Виконт Хонда вытащил откуда-то большой шелковый носовой платок, вежливо высморкался, оглядел начавший погружаться в сумерки выставочный зал и продолжал тихим голосом:
— Оставляя в стороне это происшествие, я решил, что, как бы то ни было, рассказ репортера должен заинтересовать Миура. Поэтому на следующий же день отправил ему письмо, в котором предложил встретиться, порыбачить, а заодно и отдохнуть. Миура незамедлительно ответил согласием. Время встречи падало как раз на шестнадцатую ночь, поэтому он предлагал отправиться, как только завечереет, e тем чтобы не столько порыбачить, сколько полюбоваться полной луной. Я не был таким уж заядлым рыбаком и сразу же согласился. Мы встретились на лодочной станции близ Яна-гибаси, сели в длинную остроносую лодку и выгребли на середину реки. Уже стемнело, но луна еще не взошла.
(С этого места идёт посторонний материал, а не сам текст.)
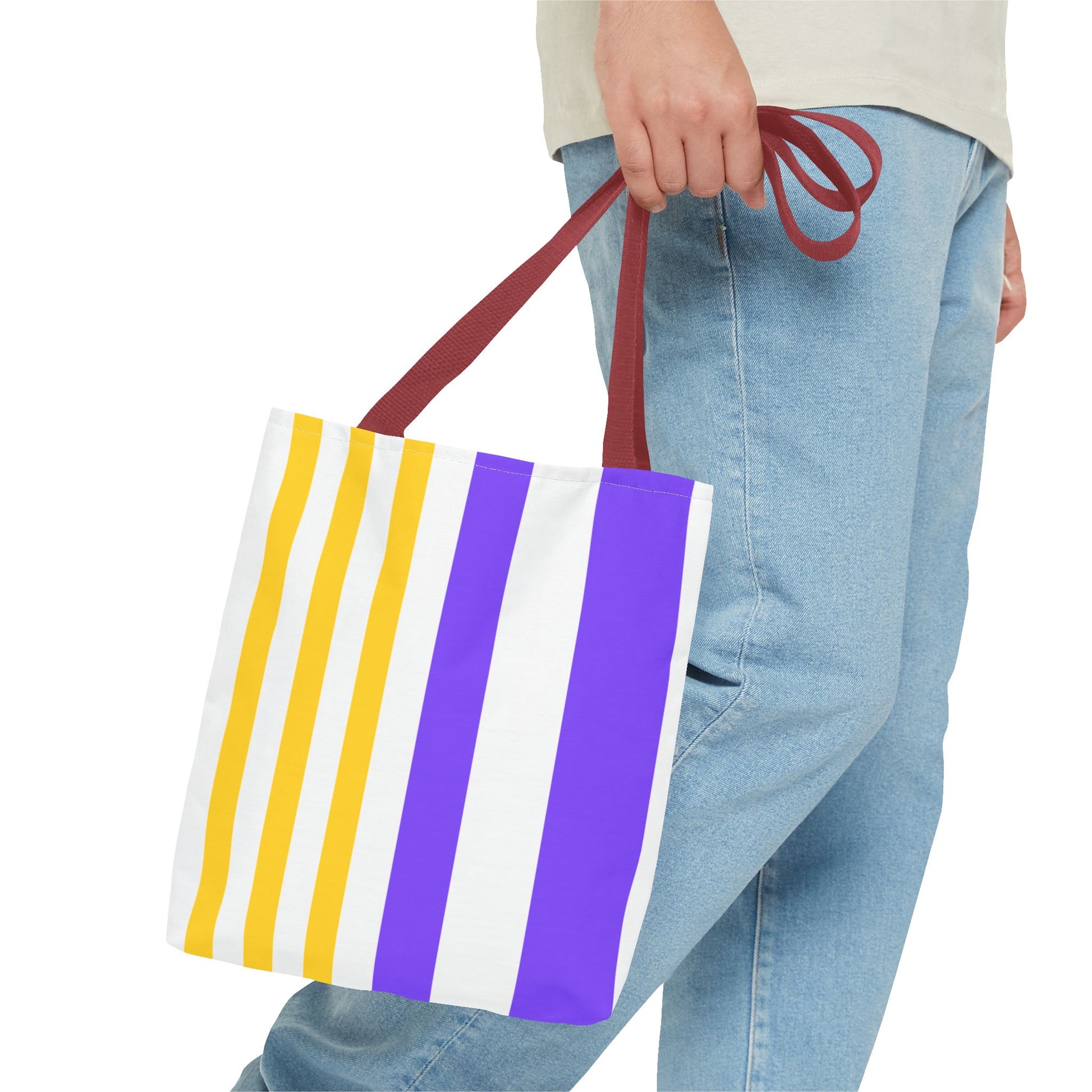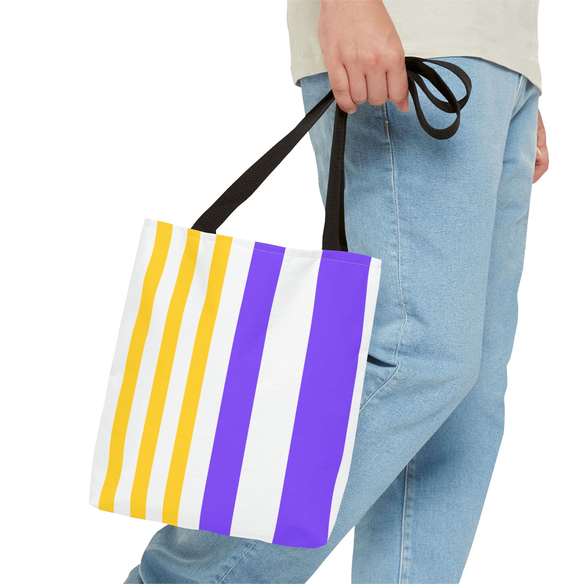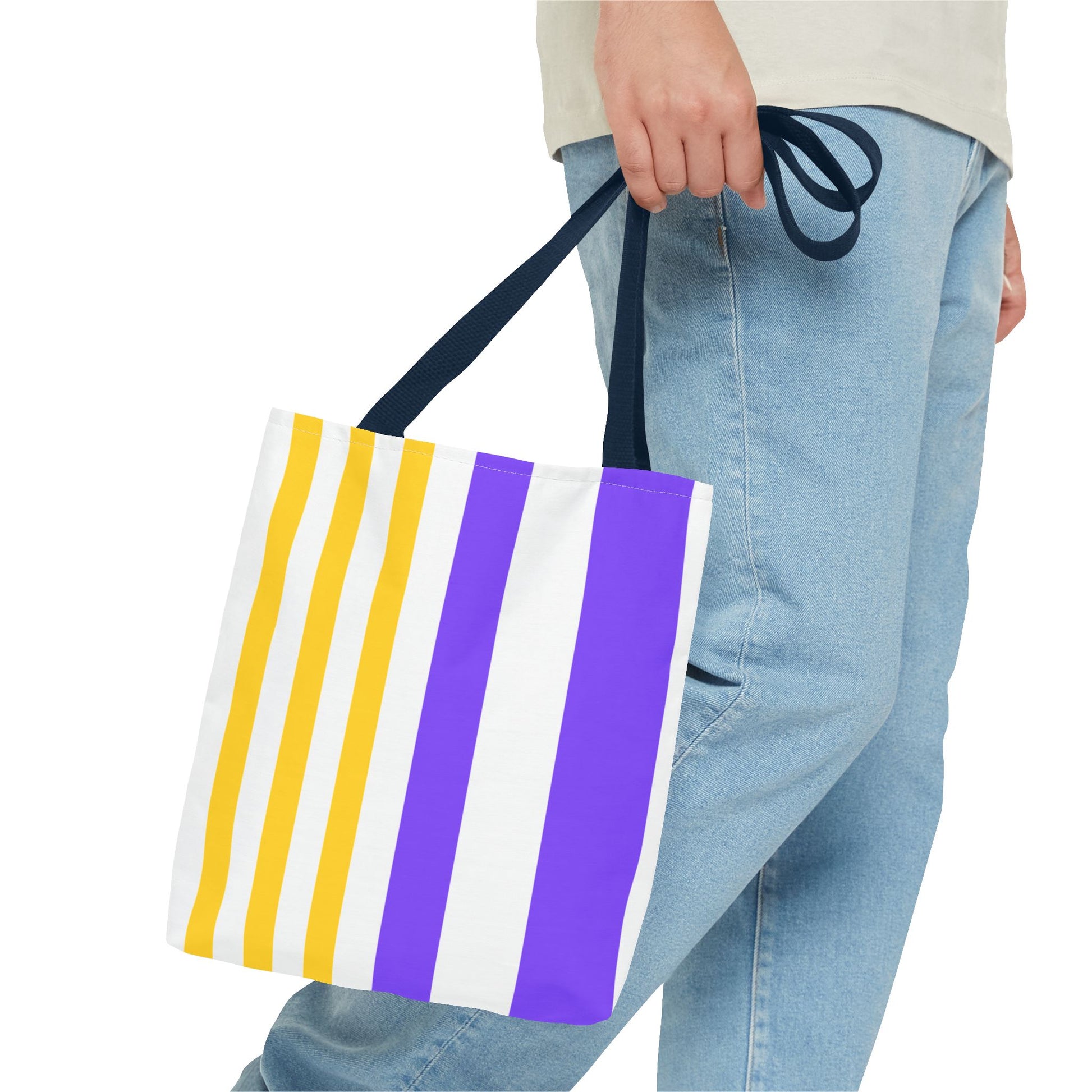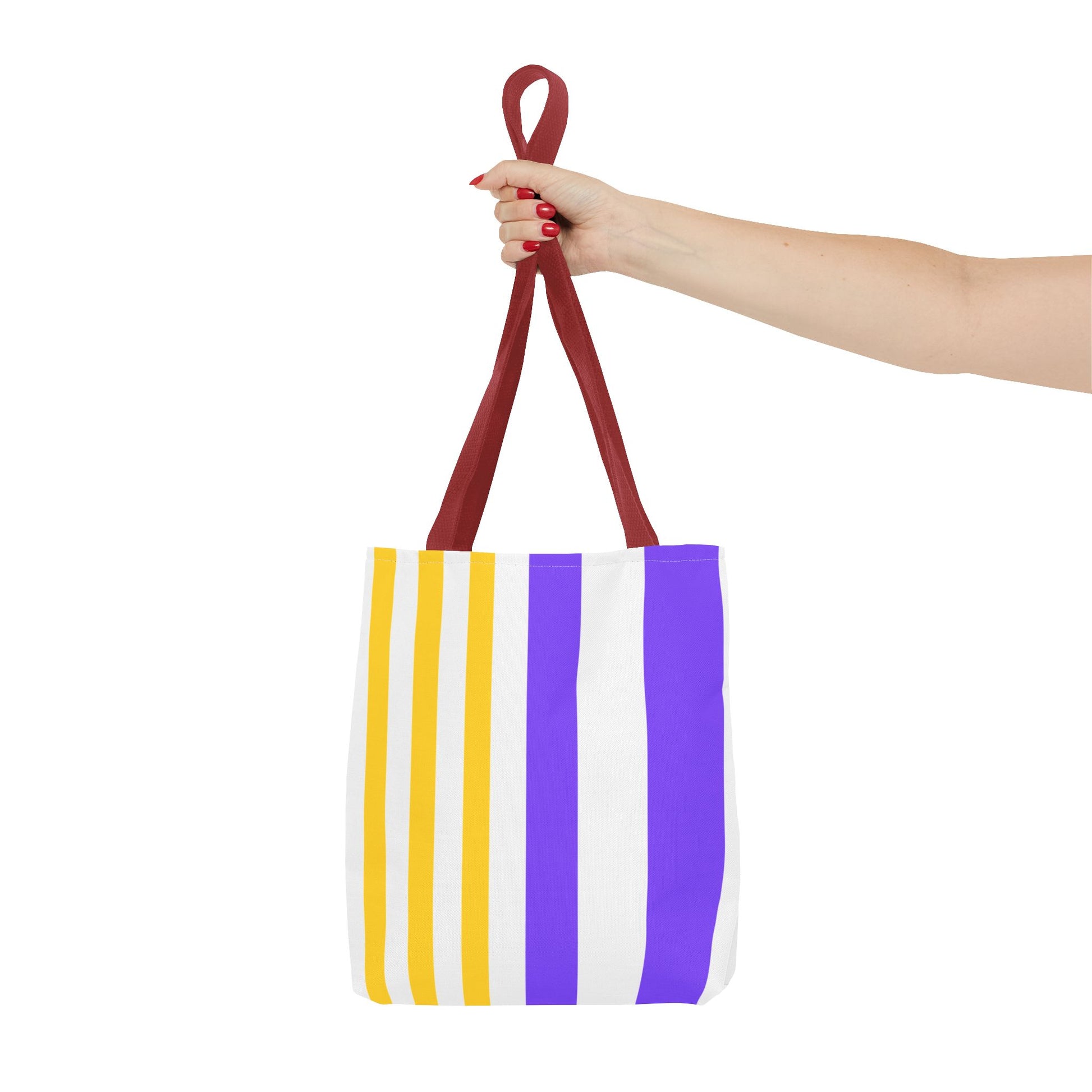 Elevate your everyday adventures with this stylish Tote Bag. Crafted from sturdy 100% polyester, it offers both durability and functionality. The vibrant striped design adds a pop of color to your outfit, making it an ideal accessory for both casual outings and shopping trips. Perfect for the fashion-forward individual who values practicality, this tote is great for students, professionals, or anyone on the go! Celebrate your unique style during holidays, beach days, or simply as a daily companion while running errands. Its spacious interior and reinforced handles ensure you can carry all your essentials effortlessly.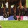 Blinkers worn first time by No. 5. Sheepskin Cheek Pieces worn first time by No. 1.

В те времена вечерний пейзаж на реке Сумида еще сохранял следы красоты, присущей гравюрам укиёэ. Когда, проплыв под рестораном Манбати, мы вышли на середину реки, нашим глазам открылась удивительная картина: в осеннем кебе над волнами реки, в которых отражались блики бледного вечернего света, отчетливо виднелись перила моста Рёгоку, казавшиеся черной, словно одним взмахом проведенной тушью, изогнутой линией. Тени карет, проносившихся по мосту, расплывались в поднимавшемся над рекой тумане, и чудилось, будто над водой мчатся взад и вперед лишь крохотные точки их фонарей, алые, словно вишенки.